= The Northern Argus =

Australian newspaper

The Northern Argus, first published on 19 February 1869, is a newspaper printed in Clare, South Australia. It was later sold to Rural Press, previously owned by Fairfax Media, but now an Australian media company trading as Australian Community Media.

==History==
The Northern Argus newspaper (as distinct from the Southern Argus published in Strathalbyn) was founded by Alfred Clode and his brother-in-law Henry Hammond Tilbrook (c. 1848– 9 September 1937). The first issue was greeted with polite silence by other newspapers, most saying nothing more than it was "the same size as the Wallaroo Times". The Kapunda Herald observed that it had been produced under difficulties, and would refrain from criticism.

In 1870 Henry's brother Alfred Tilbrook (c. 1847 – 10 July 1913) was taken on and Clode left the partnership to found an English-language newspaper in Japan. Robert Kelly succeeded Clode as editor, to be followed by Robert's father William Kelly (6 February 1827 – 30 January 1913) when Robert left to become a minister of religion. William Kelly served as editor for 13 years (and was a longtime mayor of Clare), followed by Alfred Tilbrook. Henry retired in 1889; the partners then becoming his son Reginald Henry Tilbrook (16 December 1870 – 4 November 1944) and Alfred Tilbrook.
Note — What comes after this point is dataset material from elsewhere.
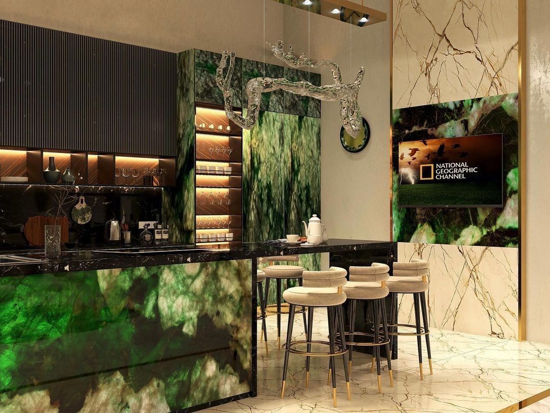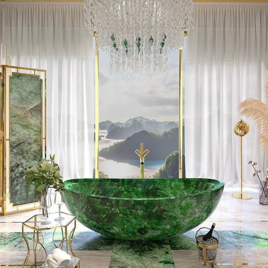 将非凡翡翠,幻化为空间的史诗:从反射光泽的地坪,到自成光影的艺术墙板;从晶莹的马赛克镶嵌,到温润的器物台面,乃至点睛的墙艺、家具、雕塑与珠宝。我们以翡翠,重写家居奢华的定义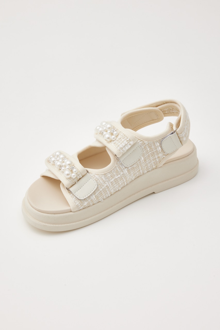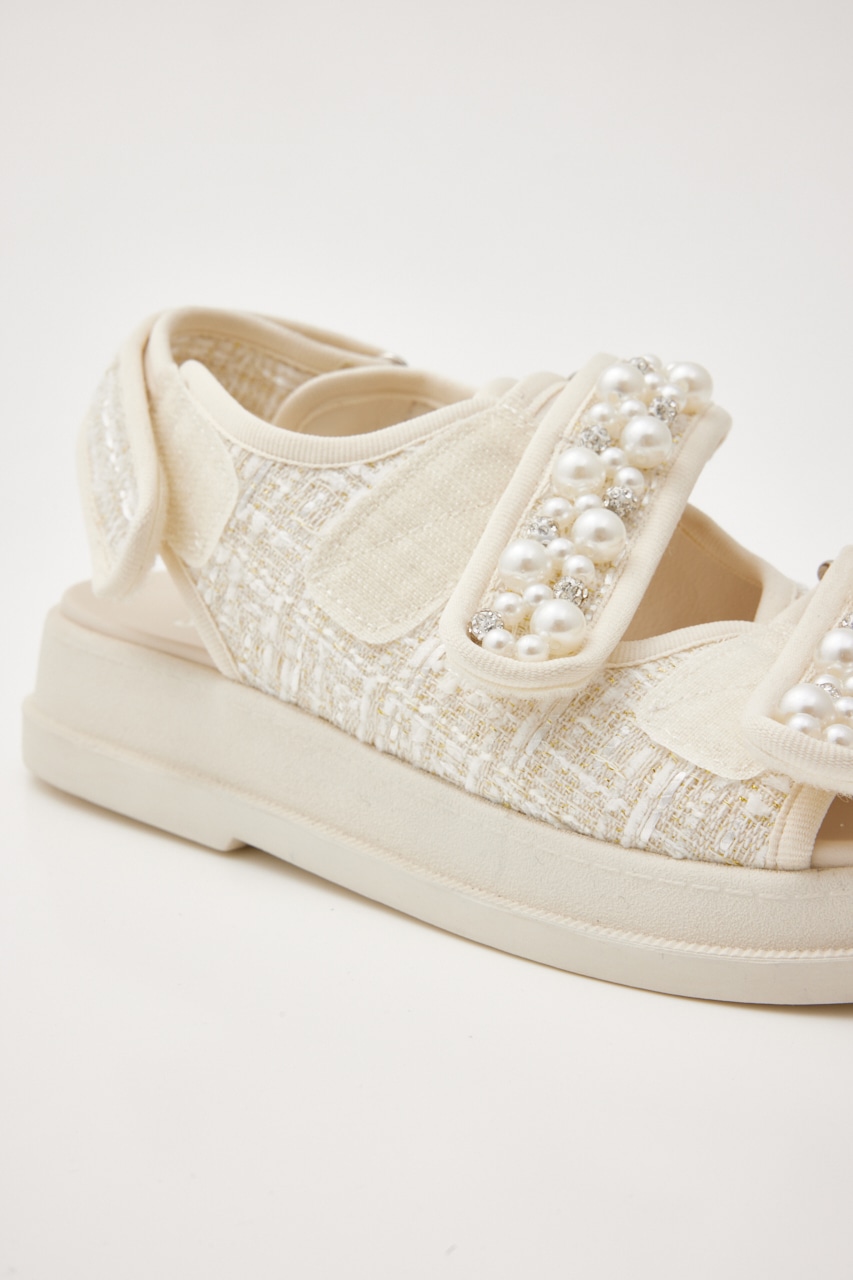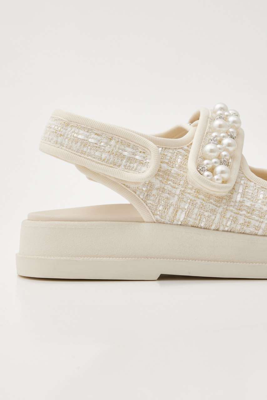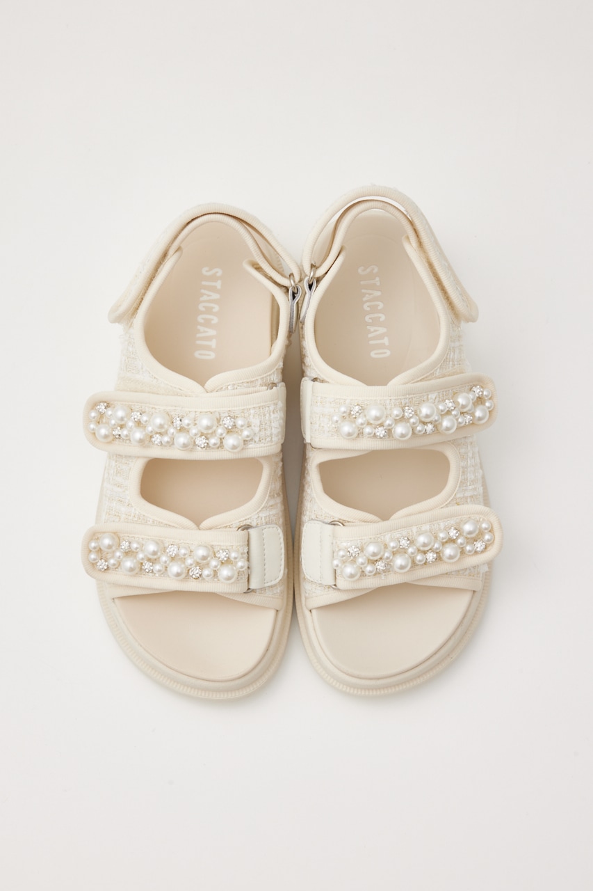 秋口まで大活躍してくれる、華やかなデザイン装飾がSTACCATOらしいカジュアル&エレガントな雰囲気が人気のスポサンに新デザインが登場!ゴージャスなパールデザインに上品で大人っぽいMIXツイードがカジュアルからキレイ目まで、様々なスタイリングにも相性◎。甲&かかとのベルト部分は全てベルクロタイプでサイズ調節も可能です。

Ownership and management of the business passed to Reginald's three sons: Eric Hammond Hanley Tilbrook (1895–1966), Maurice Henry Tilbrook (1897–1963), and Godfrey Vincent Tilbrook (1901–1975).

The Blyth Agriculturist (6 November 1908 - 25 June 1969) was begun as an offshoot of the Northern Argus newspaper and ran until 1969, covering news for Blyth and nearby regions.

==Distribution==
Like other Rural Press publications, the newspaper is also available online.

==Digitisation==
Issues from Vol.1 No.1 of 19 February 1869 to Vol.LXXXV No.5832 of 22 December 1954 have been OCR digitised from photographic copies by the National Library of Australia and may be retrieved using Trove.